For the entries below, repeat exactly each line starting with the one that contains "Nomination Papers: The" and going on through the one that contains "Несколько веревочек сделали", and no others.

**AVAILABLE DATA**
━━━━

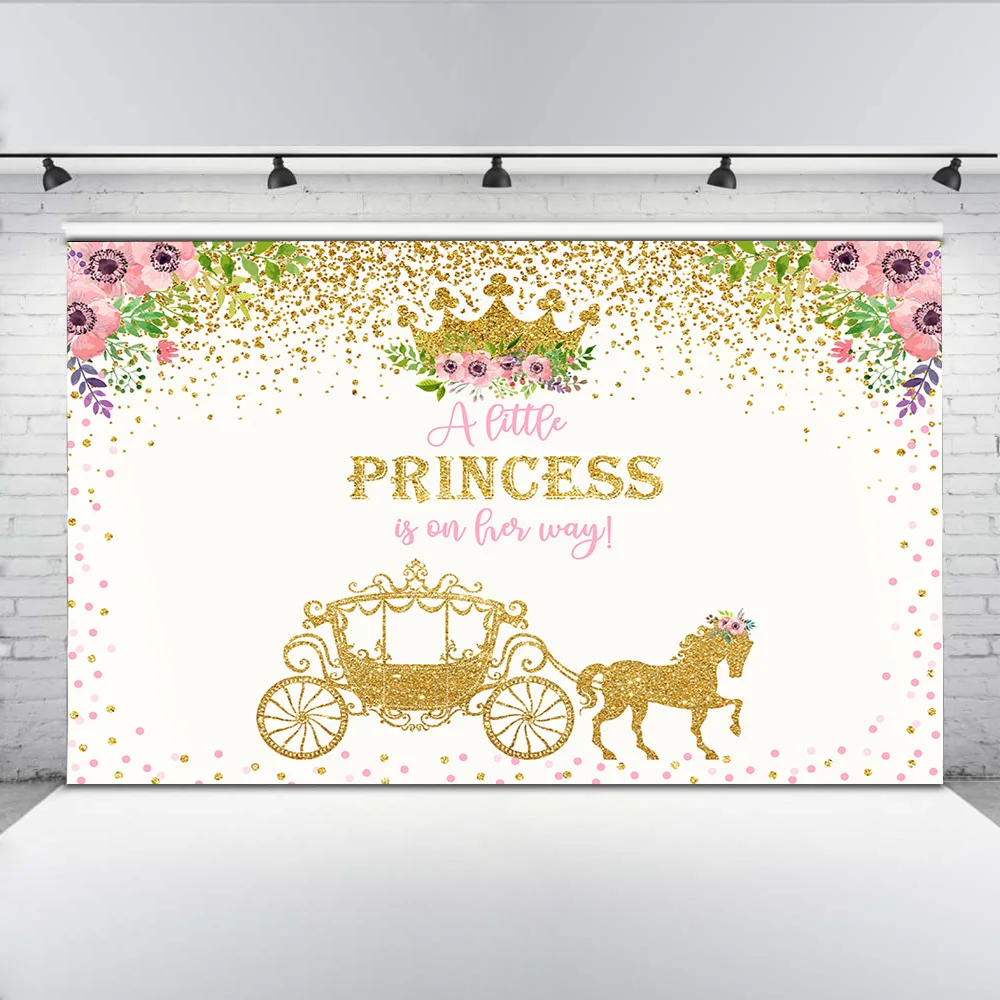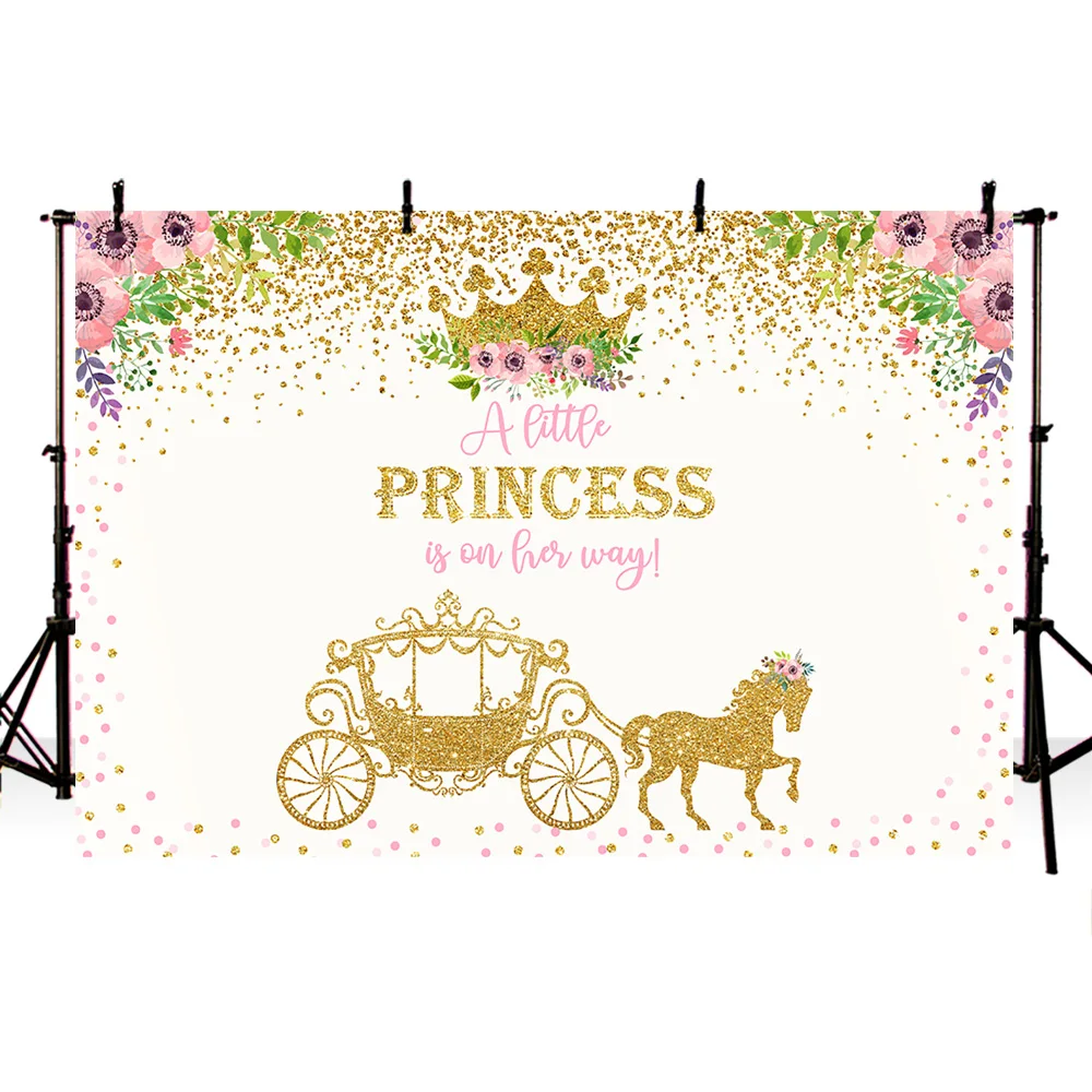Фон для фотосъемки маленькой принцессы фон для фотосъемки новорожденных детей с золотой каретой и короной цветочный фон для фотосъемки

━━━━

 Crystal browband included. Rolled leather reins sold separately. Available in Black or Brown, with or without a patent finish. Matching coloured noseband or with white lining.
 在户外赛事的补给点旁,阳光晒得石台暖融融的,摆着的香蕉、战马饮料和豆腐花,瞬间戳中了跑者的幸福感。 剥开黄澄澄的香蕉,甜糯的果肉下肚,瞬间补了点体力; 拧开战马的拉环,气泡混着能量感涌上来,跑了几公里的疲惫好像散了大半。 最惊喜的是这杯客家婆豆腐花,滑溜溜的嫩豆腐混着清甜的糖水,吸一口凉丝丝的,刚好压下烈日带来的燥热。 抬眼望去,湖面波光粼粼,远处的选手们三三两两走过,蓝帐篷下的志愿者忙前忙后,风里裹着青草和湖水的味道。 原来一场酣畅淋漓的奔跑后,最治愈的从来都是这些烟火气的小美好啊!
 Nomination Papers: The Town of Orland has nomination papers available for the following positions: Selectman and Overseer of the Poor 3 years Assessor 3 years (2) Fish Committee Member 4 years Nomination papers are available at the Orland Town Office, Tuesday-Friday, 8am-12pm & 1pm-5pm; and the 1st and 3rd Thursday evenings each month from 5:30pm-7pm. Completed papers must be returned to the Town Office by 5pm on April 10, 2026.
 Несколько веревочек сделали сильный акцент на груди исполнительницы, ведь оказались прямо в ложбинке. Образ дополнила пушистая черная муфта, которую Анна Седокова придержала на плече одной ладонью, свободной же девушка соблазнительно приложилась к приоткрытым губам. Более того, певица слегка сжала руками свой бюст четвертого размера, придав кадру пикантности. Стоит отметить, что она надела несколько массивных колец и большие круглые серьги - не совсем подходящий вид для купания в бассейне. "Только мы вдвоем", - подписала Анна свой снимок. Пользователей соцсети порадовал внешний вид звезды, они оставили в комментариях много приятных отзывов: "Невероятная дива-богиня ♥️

━━━━

**ANSWER BOX**
 Nomination Papers: The Town of Orland has nomination papers available for the following positions: Selectman and Overseer of the Poor 3 years Assessor 3 years (2) Fish Committee Member 4 years Nomination papers are available at the Orland Town Office, Tuesday-Friday, 8am-12pm & 1pm-5pm; and the 1st and 3rd Thursday evenings each month from 5:30pm-7pm. Completed papers must be returned to the Town Office by 5pm on April 10, 2026.
 Несколько веревочек сделали сильный акцент на груди исполнительницы, ведь оказались прямо в ложбинке. Образ дополнила пушистая черная муфта, которую Анна Седокова придержала на плече одной ладонью, свободной же девушка соблазнительно приложилась к приоткрытым губам. Более того, певица слегка сжала руками свой бюст четвертого размера, придав кадру пикантности. Стоит отметить, что она надела несколько массивных колец и большие круглые серьги - не совсем подходящий вид для купания в бассейне. "Только мы вдвоем", - подписала Анна свой снимок. Пользователей соцсети порадовал внешний вид звезды, они оставили в комментариях много приятных отзывов: "Невероятная дива-богиня ♥️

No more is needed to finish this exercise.